On October 11, 2023, Cranfill Sumner LLP held our annual Legal Summit, a virtual event featuring insightful presentations by our attorneys that focused on the latest legal developments in North Carolina. Presentations covered hot topics in risk management, business law, regulatory updates, employment law, education law, workers’ compensation, and more. Below is a question Roy Pettigrew fielded from an attendee after his presentation “Anatomy of a 97-10.2(j) Hearing”.

Question: In a situation where a workers’ compensation carrier and the Plaintiff’s attorney have an agreement as to the prosecution of the third-party claim, do they have to divulge what the agreement is to the third-party liability carrier, especially where the workers’ compensation carrier has never asserted a lien or given notice to the third-party liability carrier? And, how can the Plaintiff and the workers’ compensation carrier get the benefit of the full amounts paid under the Workers’ Compensation Act, where there is no notice of the “lien”?

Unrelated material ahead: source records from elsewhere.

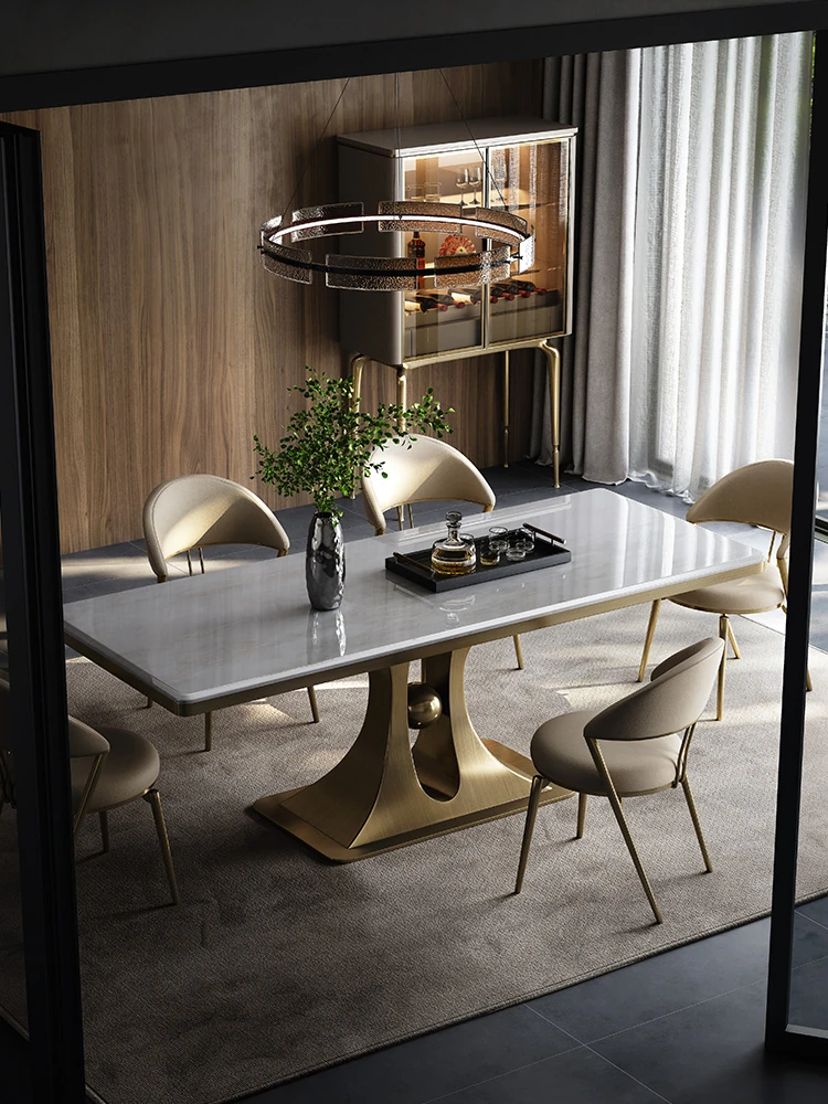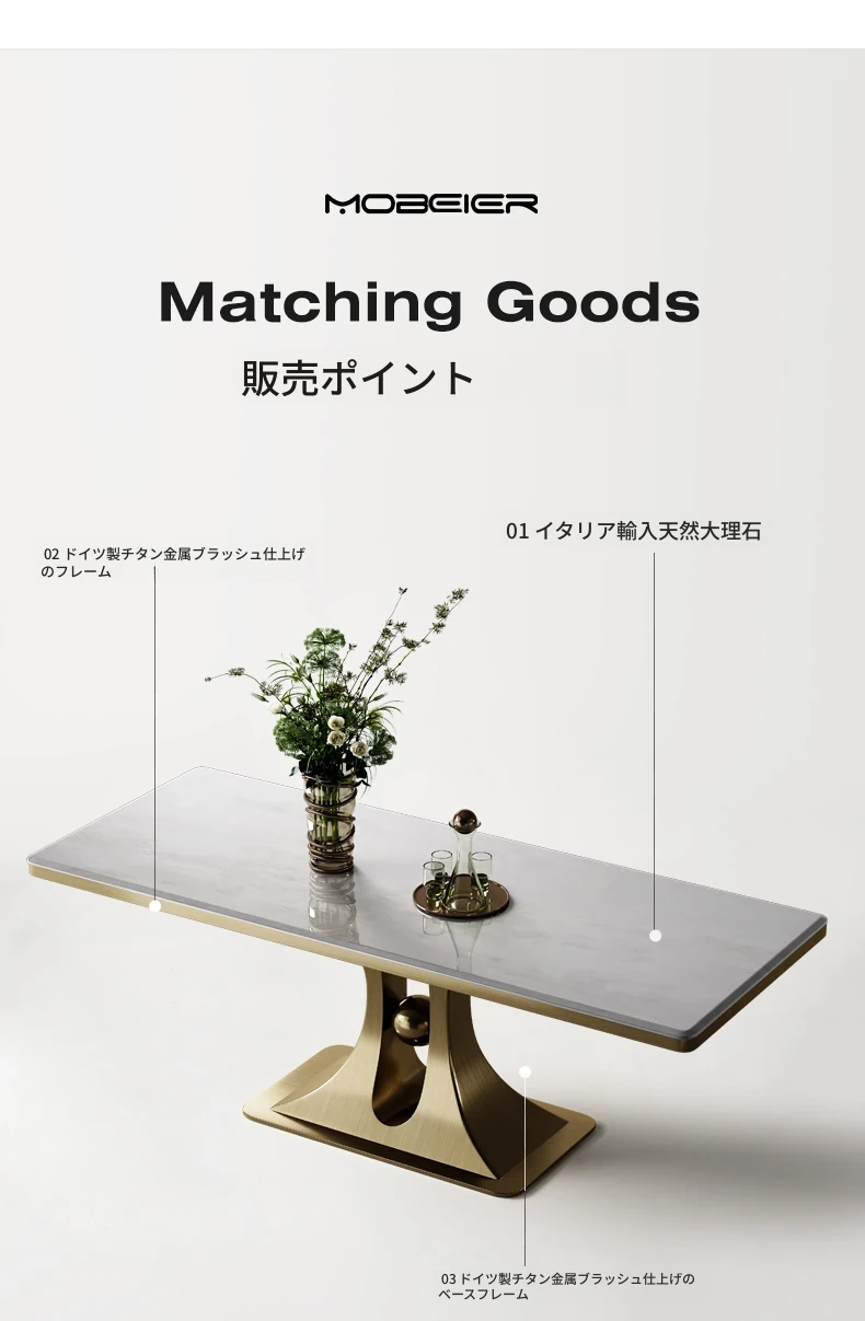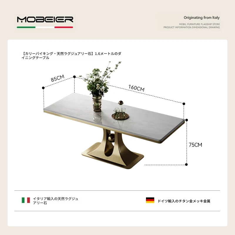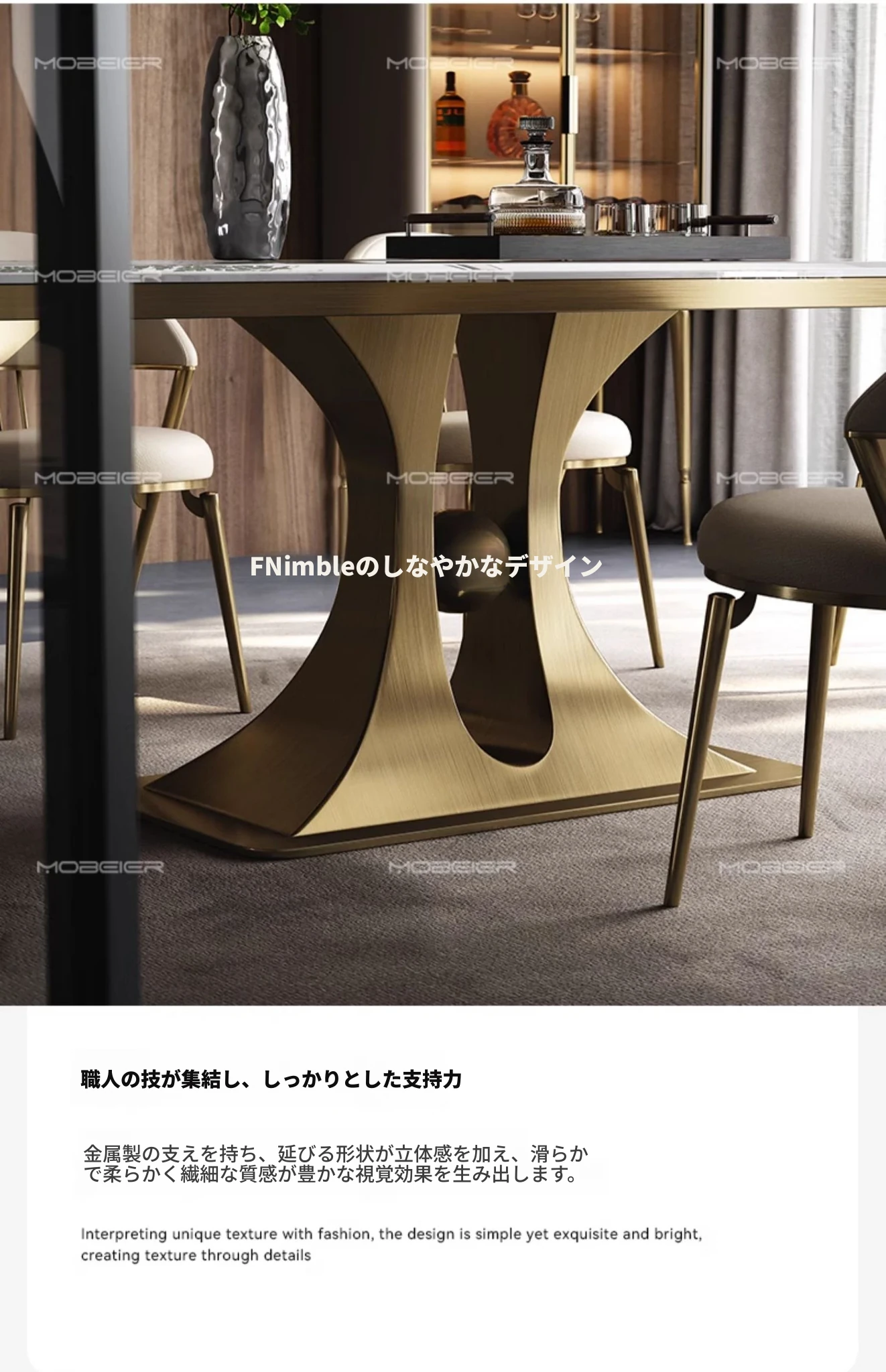 モビエール 天然大理石ロングテーブル カリブアイスジュエル 高級感あふれるラグジュアリーなダイニングセット チェア付き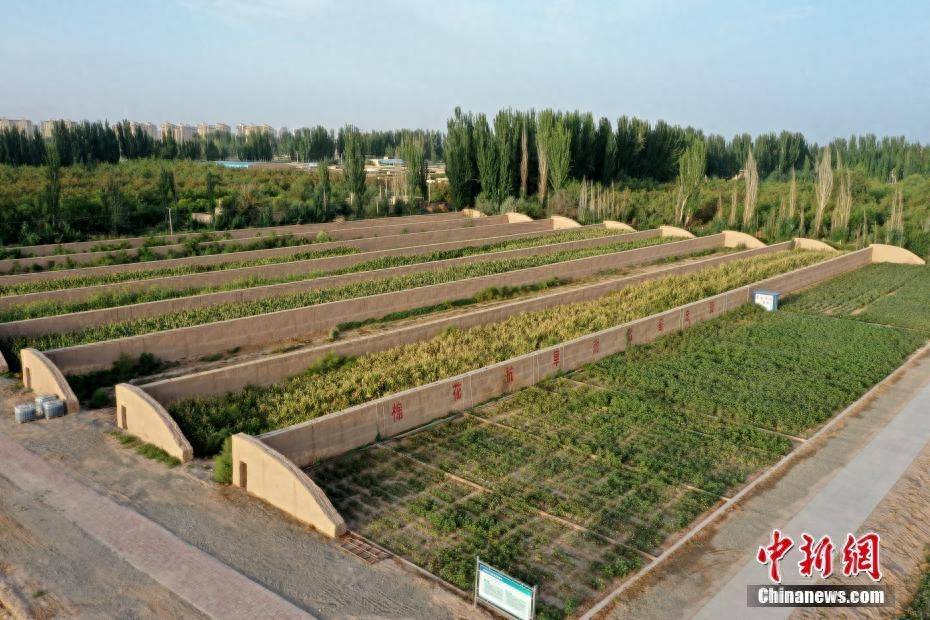 9月7日,航拍新疆阿克苏库车市现代农业科创中心内的试验田。该中心汇聚中国科学院沈阳所、新疆农科院、宁波市农科院等科研力量,建成棉花种质资源库,打造棉花分子育种与检测实验室,以及建立西北农林科技大学苹果联合会专家工作站等,助力农业高水平发展。(无人机照片)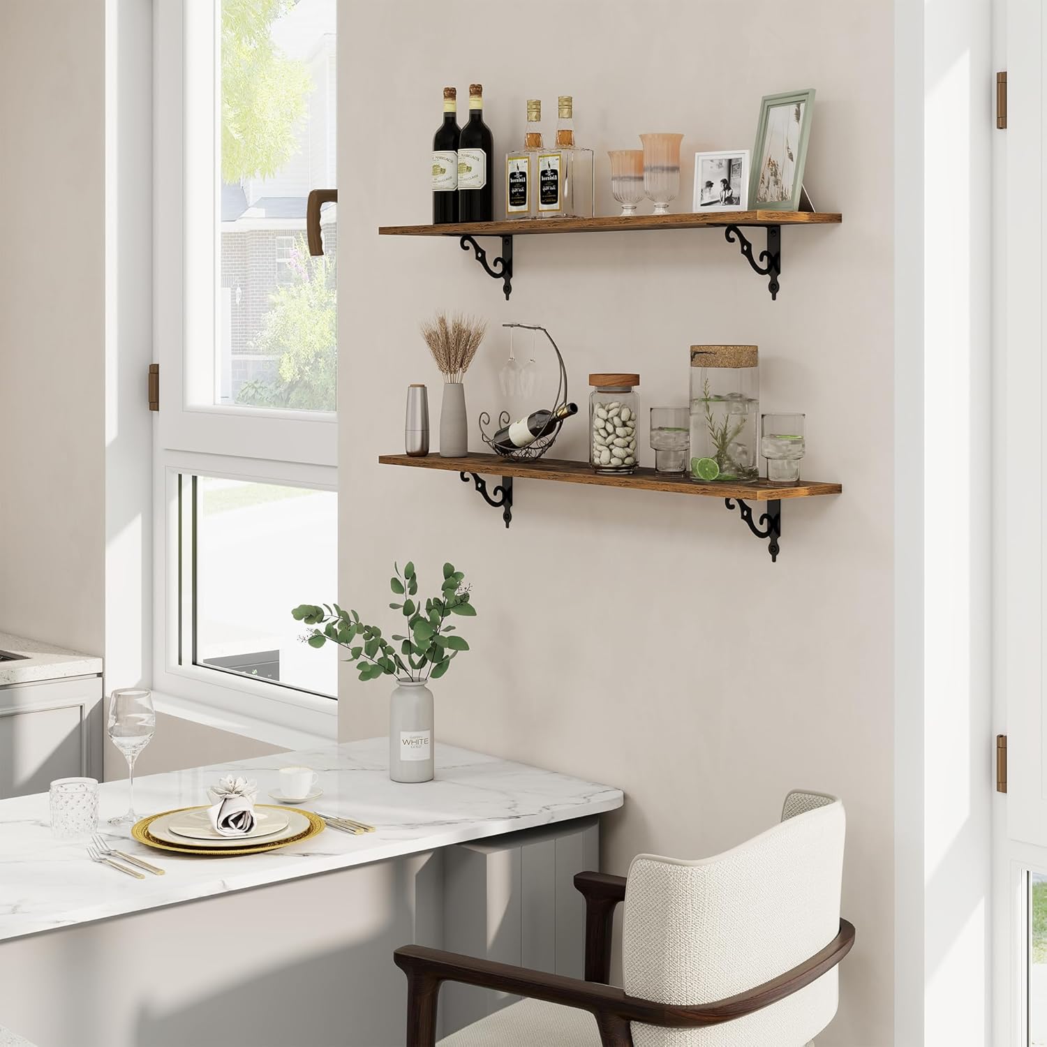 - Perfect Home Decor: This wood shelf fits rustic style, or vintage style home decor, rustic wood grain and exquisite S-shaped brackets will make your home full of modern and elegant romance. Our floating shelf makes full use of the wall, and let your room and bathroom look so cute

Answer: If the workers’ compensation carrier paid workers’ compensation benefits on account of injury caused by the third party, there is an automatic lien conferred by statute (N.C. Gen. Stat. § 97-10.2). There is no notice requirement whatsoever. Depending on the date of loss, that generally dictates who can prosecute the third-party defendant/liability carrier in “their” name, be it the workers’ compensation “employer” (discouraged by the statute), or the Plaintiff (which is preferred as the injured worker is the real party in interest). 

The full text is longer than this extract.